Berdasarkan laman resmi Johns Hopkins University Medicine, Kamis pukul 20.23 waktu setempat tercatat 1.191.990 kasus konfirmasi COVID-19 di Tanah Air dari total 107.444.504 pasien positif secara global.

Dengan persentase tersebut, Indonesia saat ini menempati urutan ke-19 kasus sebaran COVID-19 dari 192 negara yang sudah terpapar virus tersebut.
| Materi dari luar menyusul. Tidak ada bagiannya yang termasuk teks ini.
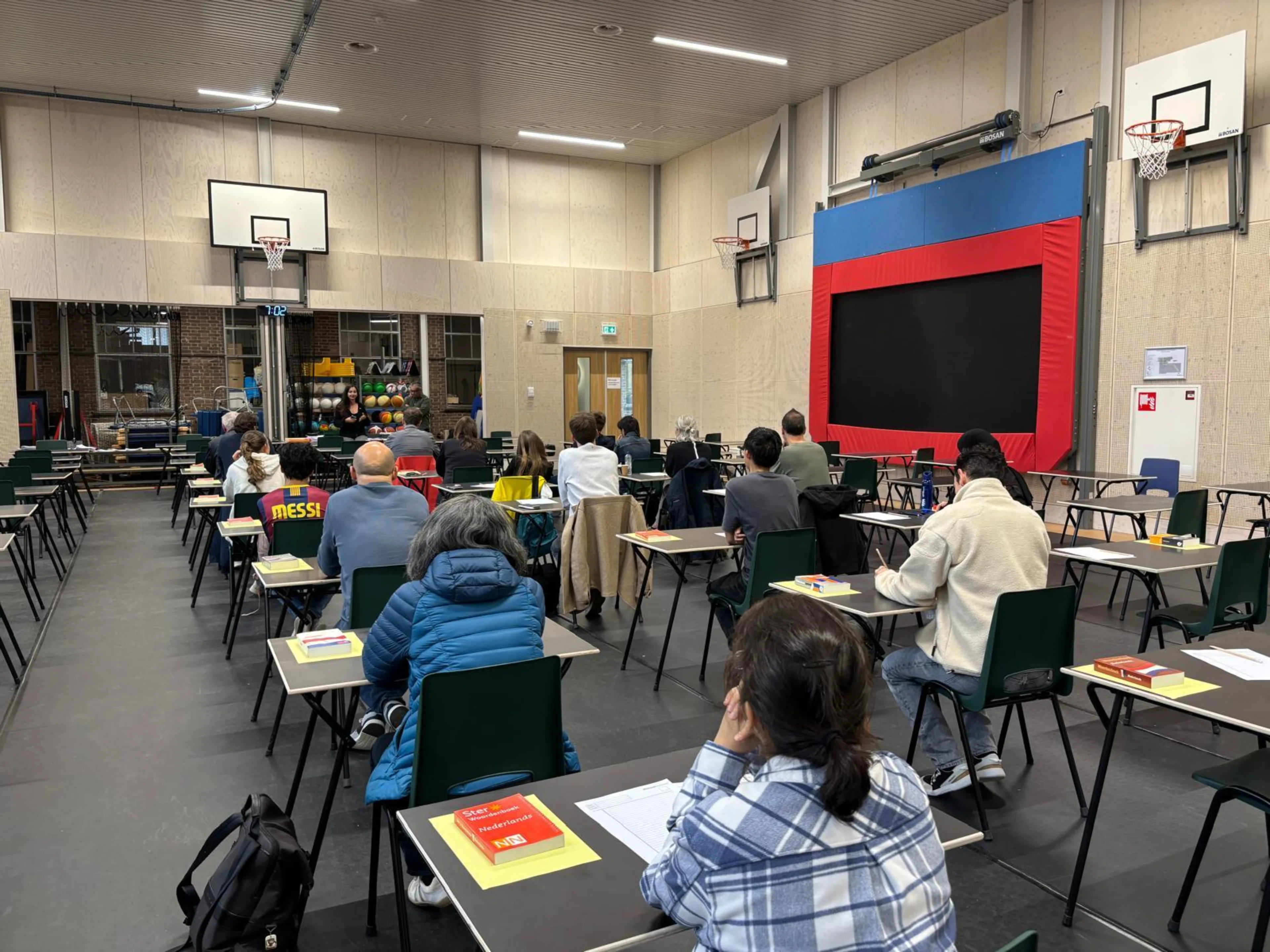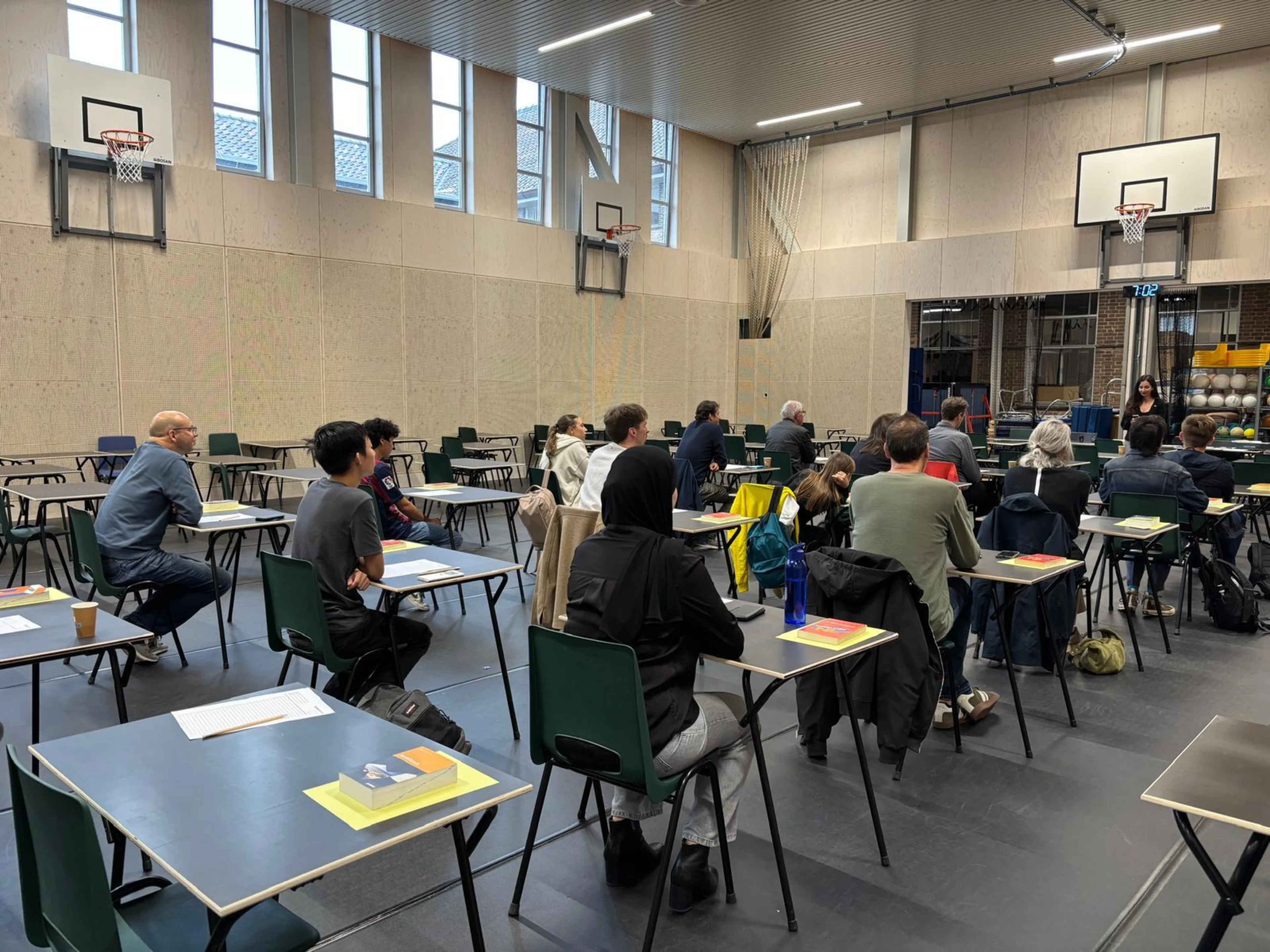 Het examen vond plaats op maandag 26 mei in de palaestra, de gymzaal die nog in de examenopstelling stond. Er was veel animo voor het examen: ruim dertig leerlingen, oud-leerlingen, ouders, wijkbewoners en andere geïnteresseerden kwamen speciaal ervoor in de avond naar school toe. De opening vond plaats door Mina Morkoç, Rotterdams gemeenteraadslid van GroenLinks met de thema’s klimaat, energietransitie en duurzaamheid in haar portefeuille. Daarna gingen de ‘examenkandidaten’ aan de slag met een grote reeks vragen over de huidige staat van het klimaat en oplossingen voor de toekomst. Na een uur zat het erop en werden de examens ingenomen. Winood Rampersad, conrector en coördinator van het Klimaatexamen op het Zuider Gymnasium, zal deze allemaal officieel nakijken en de deelnemers per mail laten weten welk cijfer ze hebben behaald.

Sementara itu, untuk angka kematian di Tanah Air mencapai 32.381 jiwa atau setara 1,38 persen dari angka kematian secara global yakni 2.357.270 jiwa.

Dengan jumlah angka kematian tersebut Indonesia menempati urutan ke-17 terbanyak dari keseluruhan negara yang terpapar virus corona atau COVID-19.
Baca juga: Menkeu ingin Bea Cukai wujudkan distribusi vaksin COVID tercepat dunia
Baca juga: CDC Beijing sebut kasus positif di Shunyi berasal dari Indonesia


Sementara untuk angka pasien COVID-19 yang sembuh, Indonesia tercatat pada urutan ke-15 dunia dengan total 993.117 orang. Ini setara dengan 1,65 persen dari angka kesembuhan secara global yakni 60.122.787 jiwa.

Secara umum Johns Hopkins University Medicine mencatat Amerika Serikat merupakan negara dengan kasus positif terbanyak di dunia yakni 27.288.291 kasus.

Kemudian disusul India dengan jumlah kasus positif COVID-19 yakni 10.871.294, diikuti Brazil 9.659.167 kasus, United Kingdom 3.996.839 kasus dan Rusia 3.983.031 kasus.

Untuk tingkat kematian tertinggi akibat virus tersebut ditempati Amerika Serikat dengan jumlah korban jiwa mencapai 471.764 orang. Sementara jumlah pasien sembuh terbanyak tercatat di India yakni sebanyak 10.573.372 jiwa.